Every line from the top of the records through the one bearing "本製品は90Lのコンパクトな" is to be reproduced exactly, and pictures are to be left out.

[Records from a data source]
+ + + + + + +

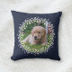 Navy Blue Floral Wreath Puppy Dog Photo Throw Pillow
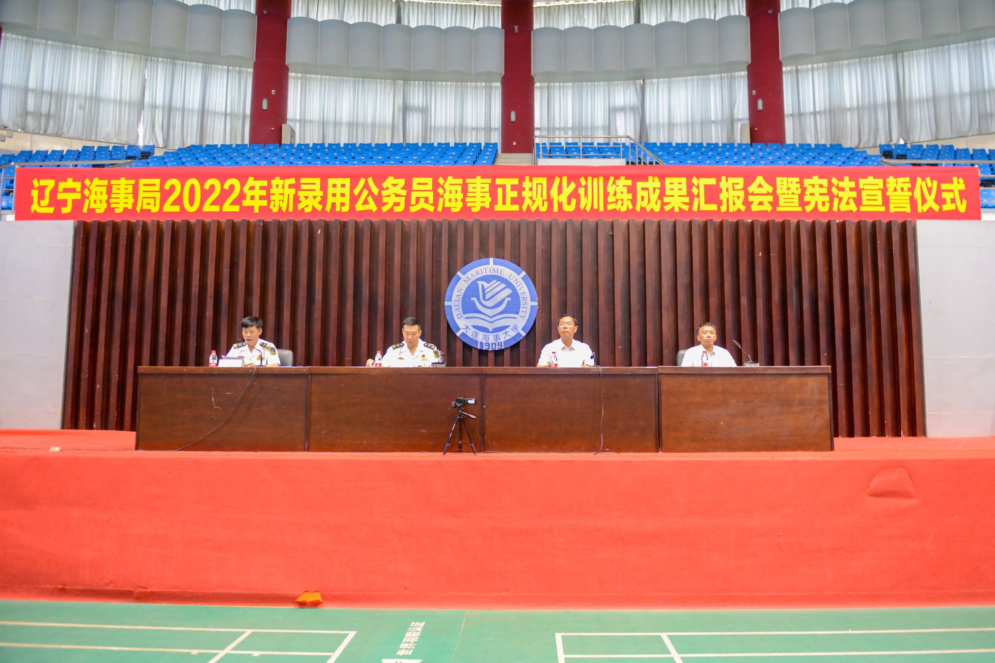 6月19日上午,辽宁海事局2022年新录用公务员正规化训练成果汇报暨宪法宣誓仪式在我校体育馆举行,辽宁海事局副局长刘力、大连海事大学纪委书记罗钟山、辽宁海事局技能训练中心主任王铁龙、大连海事大学交通运输高级研修学院副院长赵刚等出席,会议由王铁龙主持。会议在整齐划一的成果汇报中拉开序幕。学员们步伐铿锵、军容严整,精神饱满、斗志昂扬,展示了良好的军事素质和意志品质。成果汇报结束后,罗钟山与刘力分别致辞。罗钟山对本次辽宁海事局与海事大学的又一次圆满合作表示祝贺,...
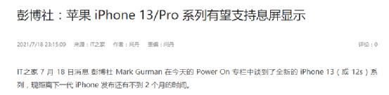 屏幕上,iPhone 13系列也将得到更新。
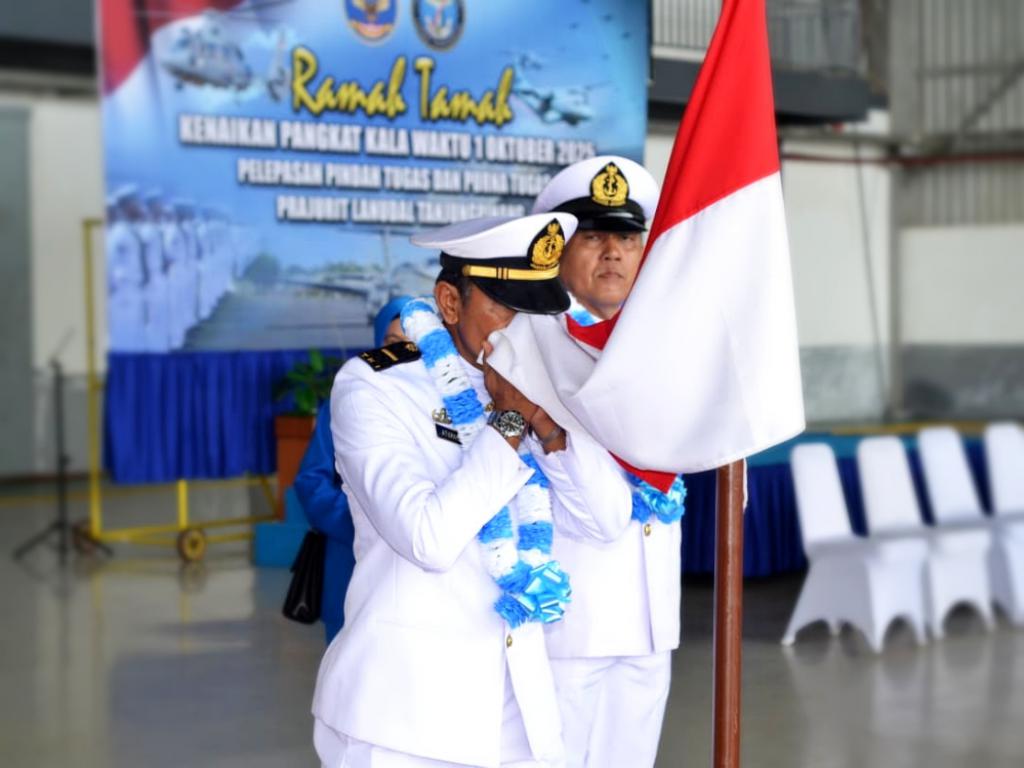 Komandan Pangkalan Udara TNI Angkatan Laut (Danlanudal) Tanjungpinang, Letkol Laut (P) Tatang Yanuar Ristanto memimpin langsung acara ramah tamah, tradisi pelepasan purna tugas dan pindah tugas prajurit Lanudal Tanjungpinang yang digelar di Hanggar Lanudal Tanjungpinang, Rabu (1/10/2025).
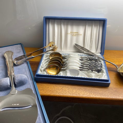 Kuvan hopea aterimet, 5 kpl. Rasia mukaan. Osassa kaiverruksia.
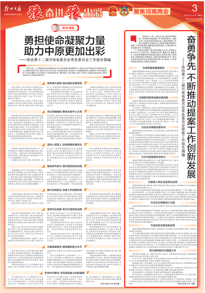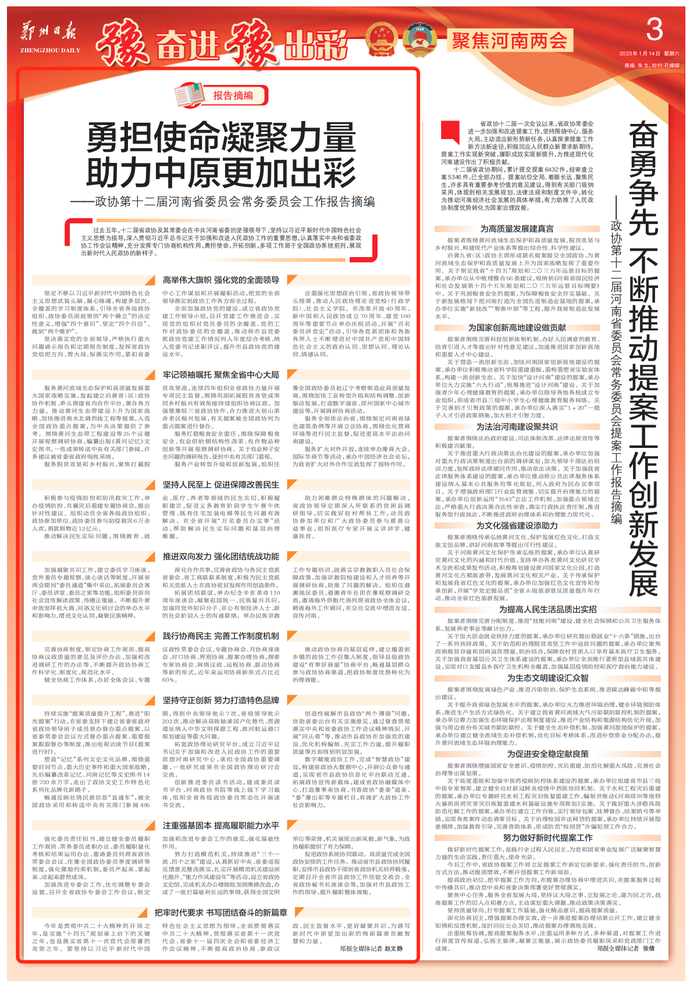 报告摘编|勇担使命凝聚力量助力中原更加出彩——政协第十二届河南省委员会常务委员会工作报告摘编
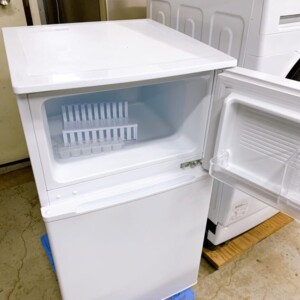 本製品は90Lのコンパクトな2ドアタイプで、ワンルームや学生向け物件で需要の高いサイズです。外観には扉下部や側面に軽微な汚れが見受けられましたが、目立つへこみや大きな傷はありませんでした。庫内は棚板・ドアポケットともに割れや欠けはなく、全体的にきれいな状態です。におい移りもなく、冷蔵・冷凍ともに正常に冷えることを確認しました。付属品もすべて揃っていました。
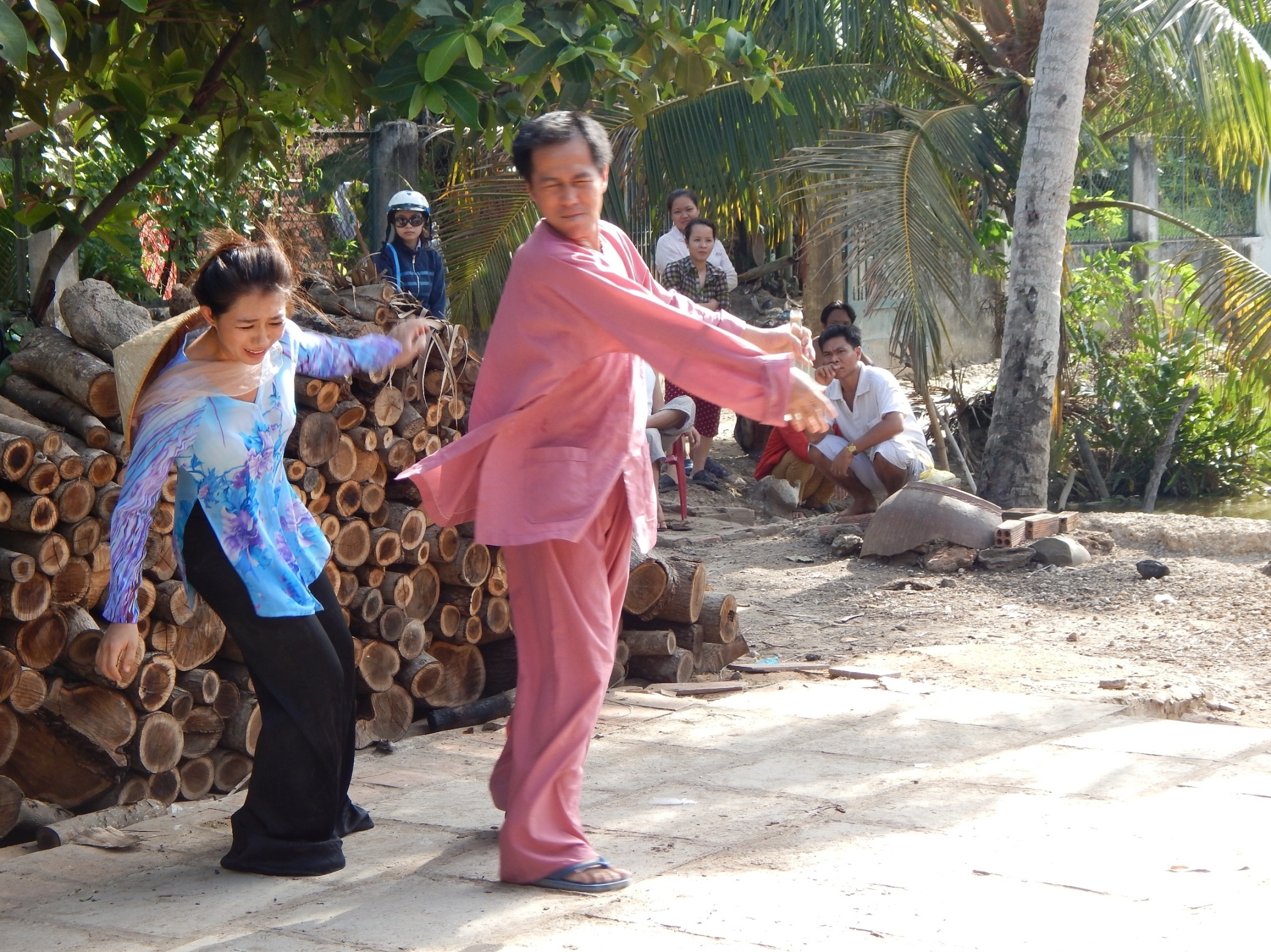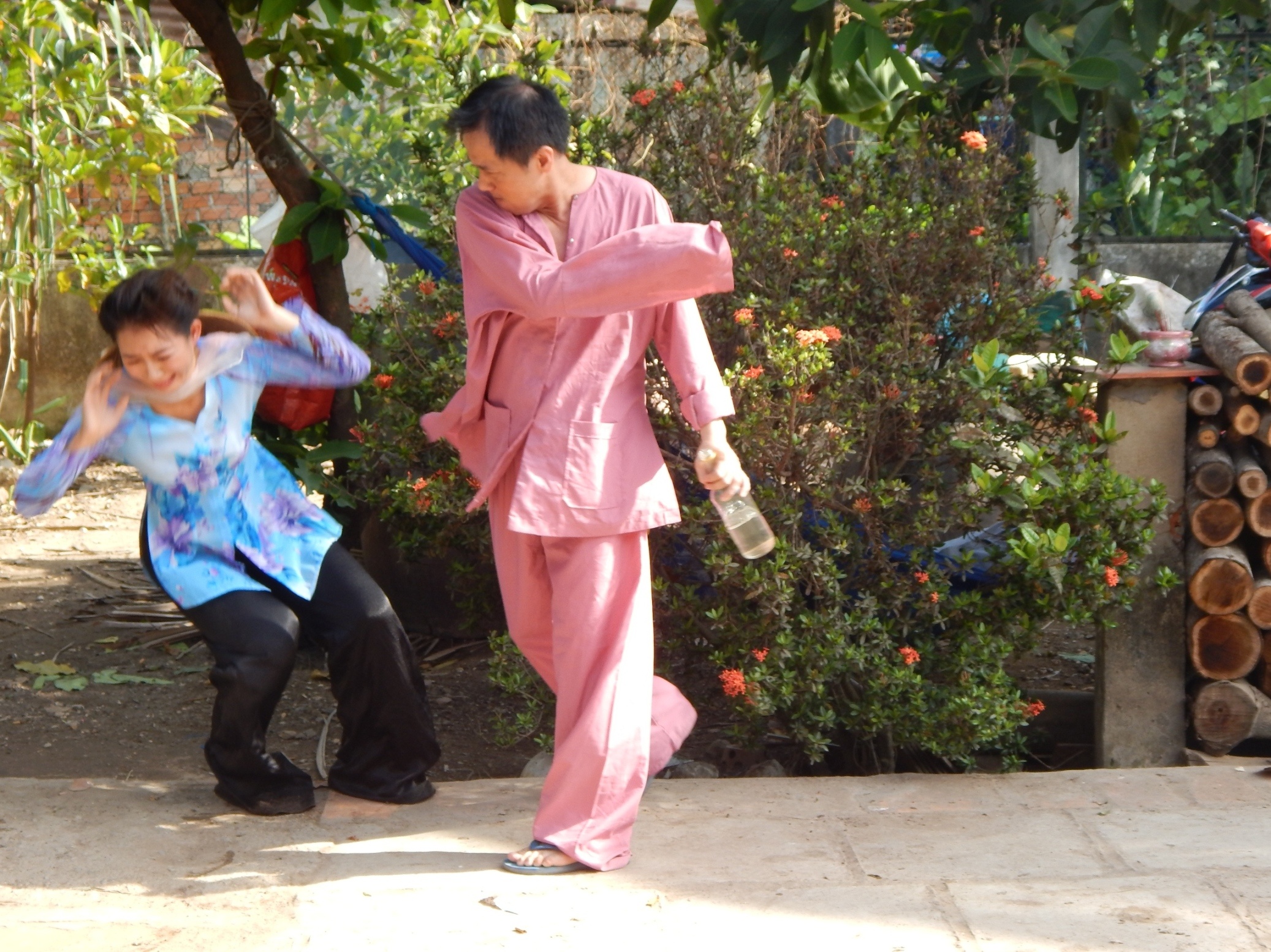 PGS Sơn chân nọ xọ chân kia với đôi dép lào cũ rích. MC Trà Mi tất tả chạy đón chồng và bị một trận đòn nên thân… Đổ mồ hôi, té ngã nhiều lần, Trà Mi đỏ cả mặt vì nhiều cái tát tai là những hình ảnh đắt giá. Chiếc nón lá của Trà Mi tơi tả và cái ngã lăn của cả hai người với tóc tai rũ rượi và quần áo tơi bời có thể dự đoán được bi kịch của một gia đình.

+ + + + + + +

* _TASK RESPONSE_:
 Navy Blue Floral Wreath Puppy Dog Photo Throw Pillow
 6月19日上午,辽宁海事局2022年新录用公务员正规化训练成果汇报暨宪法宣誓仪式在我校体育馆举行,辽宁海事局副局长刘力、大连海事大学纪委书记罗钟山、辽宁海事局技能训练中心主任王铁龙、大连海事大学交通运输高级研修学院副院长赵刚等出席,会议由王铁龙主持。会议在整齐划一的成果汇报中拉开序幕。学员们步伐铿锵、军容严整,精神饱满、斗志昂扬,展示了良好的军事素质和意志品质。成果汇报结束后,罗钟山与刘力分别致辞。罗钟山对本次辽宁海事局与海事大学的又一次圆满合作表示祝贺,...
 屏幕上,iPhone 13系列也将得到更新。
 Komandan Pangkalan Udara TNI Angkatan Laut (Danlanudal) Tanjungpinang, Letkol Laut (P) Tatang Yanuar Ristanto memimpin langsung acara ramah tamah, tradisi pelepasan purna tugas dan pindah tugas prajurit Lanudal Tanjungpinang yang digelar di Hanggar Lanudal Tanjungpinang, Rabu (1/10/2025).
 Kuvan hopea aterimet, 5 kpl. Rasia mukaan. Osassa kaiverruksia.
 报告摘编|勇担使命凝聚力量助力中原更加出彩——政协第十二届河南省委员会常务委员会工作报告摘编
 本製品は90Lのコンパクトな2ドアタイプで、ワンルームや学生向け物件で需要の高いサイズです。外観には扉下部や側面に軽微な汚れが見受けられましたが、目立つへこみや大きな傷はありませんでした。庫内は棚板・ドアポケットともに割れや欠けはなく、全体的にきれいな状態です。におい移りもなく、冷蔵・冷凍ともに正常に冷えることを確認しました。付属品もすべて揃っていました。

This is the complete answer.